# Autoglym Leather Care Balm



## Orca

*The Product:*
Autoglym Leather Care Balm (500ml)









Image Source: http://www.autoglym.co.uk/enGB/product-proddetail.asp?v06VQ=EJIJ&Range=1

From the Autoglym website:


> Leather upholstery is very durable providing the essential oils and preservatives are regularly replenished as they get eroded by evaporation and general wear and tear.
> 
> Leather Care Balm is a carefully blended emulsion containing soaps, natural oils and polymeric surface proofing agents which nourish, moisturise and provide protection from marks and staining. Regular light treatment will preserve the natural appearance and characteristics of automotive and motorcycle leather, with the added benefit of easy cleaning and ongoing spill protection.
> 
> Leather Care Balm is primarily a feeder and protectant for use on clean or pre-cleaned leather. Soiled leather should first be cleaned with Autoglym Leather Cleaner.
> 
> Leather Care Balm is also suitable for use on motorcycle leathers. Soiled leather should first be cleaned with Autoglym Motorcycle Leather Cleaner.

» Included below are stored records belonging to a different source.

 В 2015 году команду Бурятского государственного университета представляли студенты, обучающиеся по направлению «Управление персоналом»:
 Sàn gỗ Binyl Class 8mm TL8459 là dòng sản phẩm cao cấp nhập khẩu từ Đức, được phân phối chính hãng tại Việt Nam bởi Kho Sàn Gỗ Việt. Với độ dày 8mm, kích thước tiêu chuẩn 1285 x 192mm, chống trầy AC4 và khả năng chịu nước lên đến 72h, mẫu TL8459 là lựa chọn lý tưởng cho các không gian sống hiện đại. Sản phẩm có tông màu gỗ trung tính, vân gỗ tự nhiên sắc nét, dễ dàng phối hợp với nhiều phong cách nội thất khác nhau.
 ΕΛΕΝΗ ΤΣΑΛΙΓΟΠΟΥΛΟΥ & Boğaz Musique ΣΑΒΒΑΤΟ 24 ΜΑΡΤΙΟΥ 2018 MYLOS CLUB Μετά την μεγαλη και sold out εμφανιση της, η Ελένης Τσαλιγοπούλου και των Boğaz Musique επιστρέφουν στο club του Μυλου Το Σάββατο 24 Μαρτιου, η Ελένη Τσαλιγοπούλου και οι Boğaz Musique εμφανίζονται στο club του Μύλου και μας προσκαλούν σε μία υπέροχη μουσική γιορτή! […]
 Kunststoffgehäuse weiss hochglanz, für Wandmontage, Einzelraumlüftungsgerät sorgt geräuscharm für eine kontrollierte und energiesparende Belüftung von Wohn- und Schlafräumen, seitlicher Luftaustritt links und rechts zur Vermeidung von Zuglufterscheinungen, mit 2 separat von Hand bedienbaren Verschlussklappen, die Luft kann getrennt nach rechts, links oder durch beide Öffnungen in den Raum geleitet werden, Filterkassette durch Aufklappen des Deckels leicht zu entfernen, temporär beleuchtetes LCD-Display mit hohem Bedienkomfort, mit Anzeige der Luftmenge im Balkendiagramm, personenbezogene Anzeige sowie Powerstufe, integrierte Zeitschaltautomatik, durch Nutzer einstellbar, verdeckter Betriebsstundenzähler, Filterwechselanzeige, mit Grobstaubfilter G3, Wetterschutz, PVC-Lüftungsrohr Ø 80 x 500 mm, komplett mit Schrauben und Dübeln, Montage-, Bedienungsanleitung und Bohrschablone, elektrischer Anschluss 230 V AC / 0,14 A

Source: http://www.autoglym.co.uk/enGB/product-proddetail.asp?v06VQ=EJIJ&Range=1

*Price and Availability:*
RRP unknown - a quick search reveals £9.99 to be the price at which this product is surfacing at for the 500ml bottle.
As part of Autoglym's Retail Range, this product will be available from the usual outletters.

*Used on:*
Previously untreated leather sofa.

*Instructions:*
From the back of the bottle:


> Shake well (the bottle, I presume).
> 
> Always test a small inconspicuous area first to check for water staining and colour fastness. Apply Leather Care Balm to a soft cotton cloth, Autoglym Polishing Cloth is ideal, or an Autoglym Perfect Palm Applicator. Gently massage into the surface of the leather and continue massaging until the creaminess disappears.
> 
> Allow a few minutes for absorbtion to take place then buff briskly with a clean soft cotton cloth, turning the cloth frequently until any surplus balm disappears.
> 
> The optimum proofing benefits will be achieved after approximately 48 hours when the protectant will have fully cured.


*Packaging:*
The product comes packaged in Autoglym's usual 500ml rectangular bottle with a flip-top lid.

*Appearance & Fragrance:*
The product is a white lotion, quite thick in texture and much akin to a skin moisturising lotion. There is a subtle leather scent present upon flipping the top of the bottle which is ever present throughout use and lingers afterwards.

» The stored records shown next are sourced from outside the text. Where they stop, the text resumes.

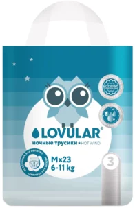 Ночные подгузники-трусики Lovular Hot Wind разработаны для максимального комфорта и сухости кожи малыша ночью. Эта специальная серия включает популярную технологию HOT WIND, обеспечивающую мягкость и нежность благодаря обработке паром.
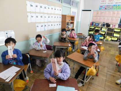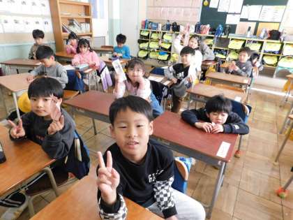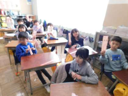 1年2組です。学年集会の後でした。1年生全員が先生手作りの「おみくじ」を引いたようです。嬉しそうに見せてくれました。
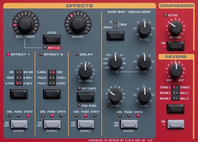 Sointimaailma on jaettu kolmeen kategoriaan, urku-, piano- ja synaosastoon, joille jokaiselle määritellään omat efektinsä.

It is difficult to speak about leather fragrances without using the words "pleasant" or "unpleasant" and that itself is a very emotive word when it comes to automotive leather fragrances.

The fragrance is by no means strong, nor "characterful" in the way that the Gliptone conditioner might be described. That itself might be disappointing to some and yet to others, exactly the reason for selecting this product. Personally, I like a stronger scent.

Compared to the older Leather Cream, I think the scent might be slightly less powerful in the new Leather Care Balm product.

*Versatility:*
This is a leather conditioner and protector - there is no mention, nor recommendation from Autoglym that this product can be used on other materials, such as vinyl.

As a leather care product, there is mention on the website (although not on the bottle) that this product is suitable for motorcycle leathers, given the new protective properties of the balm. By inference, it is suitable for leather that will be directly exposed to the elements, such as motorcycle seats and convertible car leather.

*Ease of use:*
I often apply leather care products by massaging the lotion into the leather by hand and wear latex gloves so that the product does not soak into my skin but the warmth of my hands will go through the glove into the leather.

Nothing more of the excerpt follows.